- **AVAILABLE DATA**
____________________

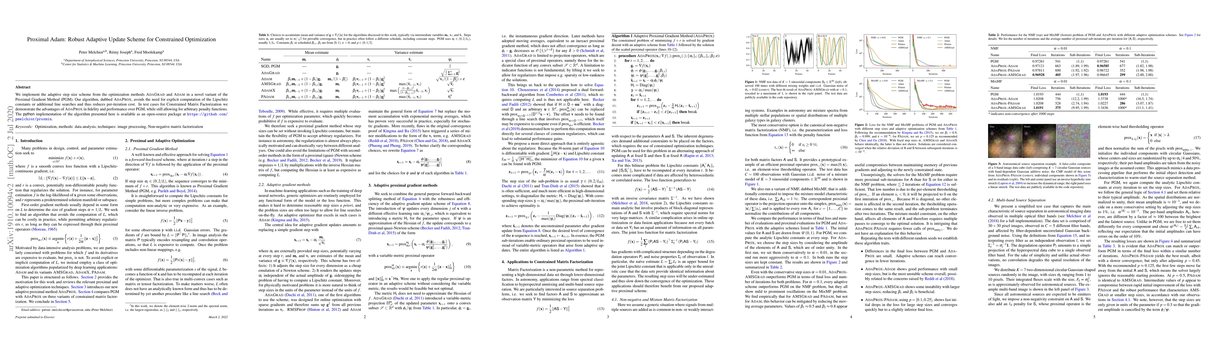 The paper introduces AdaProx, a novel adaptive update scheme combining elements of AdaGrad and Adam within the Proximal Gradient Method, which reduces computational cost and improves performance in constrained optimization tasks like Matrix Factorization. The open-source implementation is available for further exploration.
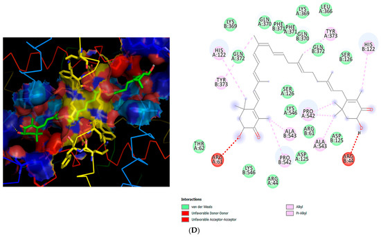 2D and 3D interaction profiles of astaxanthin with JAK2, STAT3, FAK, and COX-2 2D and 3D dimensional representations of the binding interactions between astaxanthin and the active sites of (A) JAK2 (PDB: 4BBE), (B) STAT3 (PDB: 6NJS), (C) FAK (PDB: 4Q9S), and (D) COX-2 (PDB: 5IKR). Astaxanthin is shown in green stick representation, while the surrounding amino acid residues are displayed as colored lines. The protein surface is colored according to electrostatic potential, with red indicating negatively charged regions, blue indicating positively charged regions, and neutral regions shown in yellow.
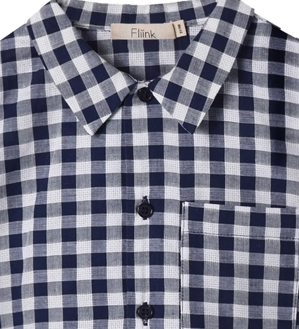 Flot Fliink skjorte med korte ærmer i en klassisk blå og hvid ternet mønster. Skjorten har en praktisk lomme på brystet og en knaplukning foran, der giver et stilrent look.
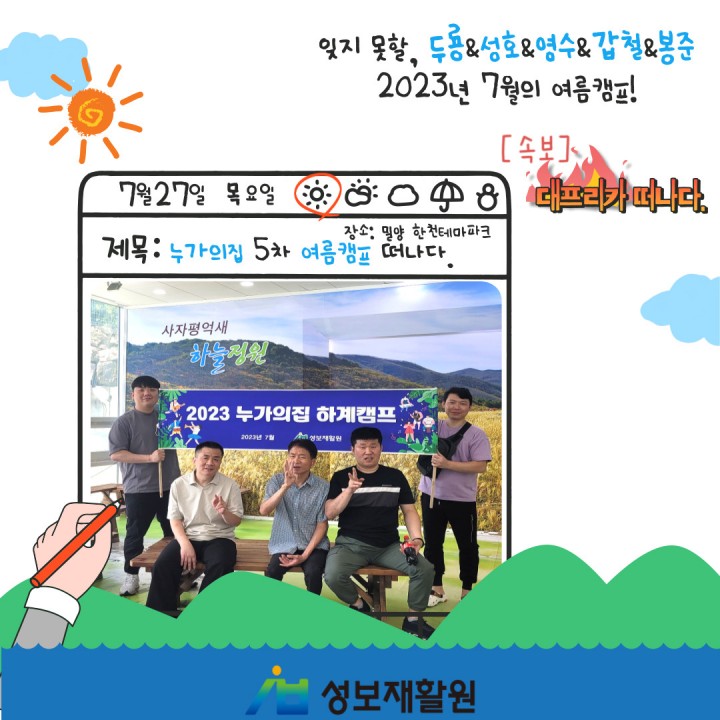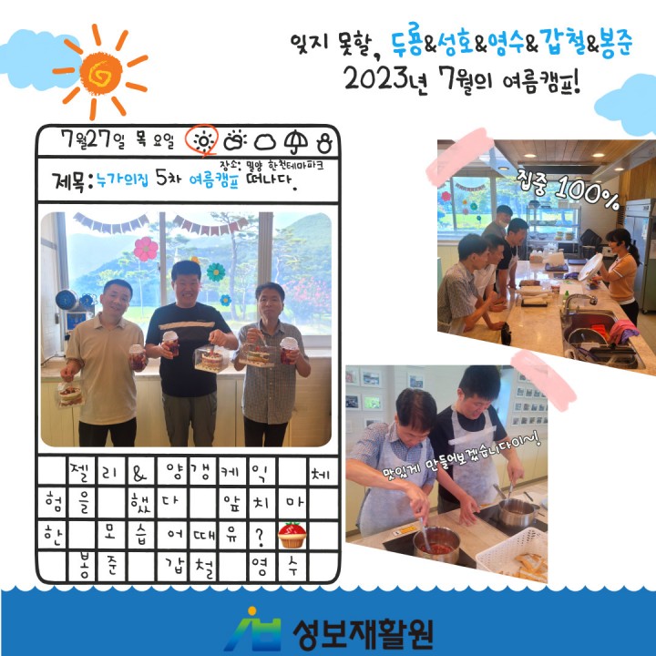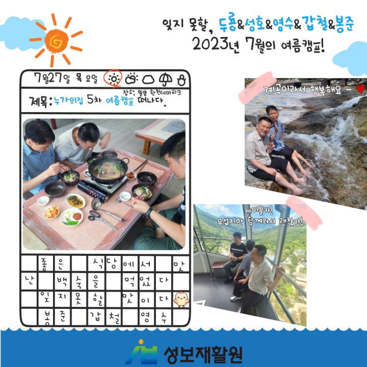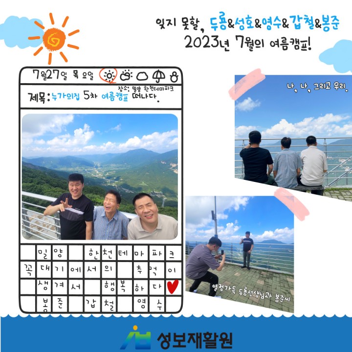 누가의집 5차 여름캠프_밀양 한천 테마파크 담당자 0 1327 2023.08.29 14:59 누가의집 5차 여름캠프일시: 2023. 7. 27. (목)장소: 밀양 한천 테마파크누가의집 이용자들과 직원들이 5차 여름캠프를 다녀왔습니다.인생샷 하나쯤은 건질만한 밀양 한천 테마파크!!!!!!모두들 찐행복해하는 웃음 보이시나요~~??

____________________

- **EXERCISE REQUIREMENTS**
Take the lines from the one containing "Flot Fliink skjorte" through the last line of the listing and repeat them exactly. Omit the pictures.

- **SOLUTION TO THE PROBLEM**
 Flot Fliink skjorte med korte ærmer i en klassisk blå og hvid ternet mønster. Skjorten har en praktisk lomme på brystet og en knaplukning foran, der giver et stilrent look.
 누가의집 5차 여름캠프_밀양 한천 테마파크 담당자 0 1327 2023.08.29 14:59 누가의집 5차 여름캠프일시: 2023. 7. 27. (목)장소: 밀양 한천 테마파크누가의집 이용자들과 직원들이 5차 여름캠프를 다녀왔습니다.인생샷 하나쯤은 건질만한 밀양 한천 테마파크!!!!!!모두들 찐행복해하는 웃음 보이시나요~~??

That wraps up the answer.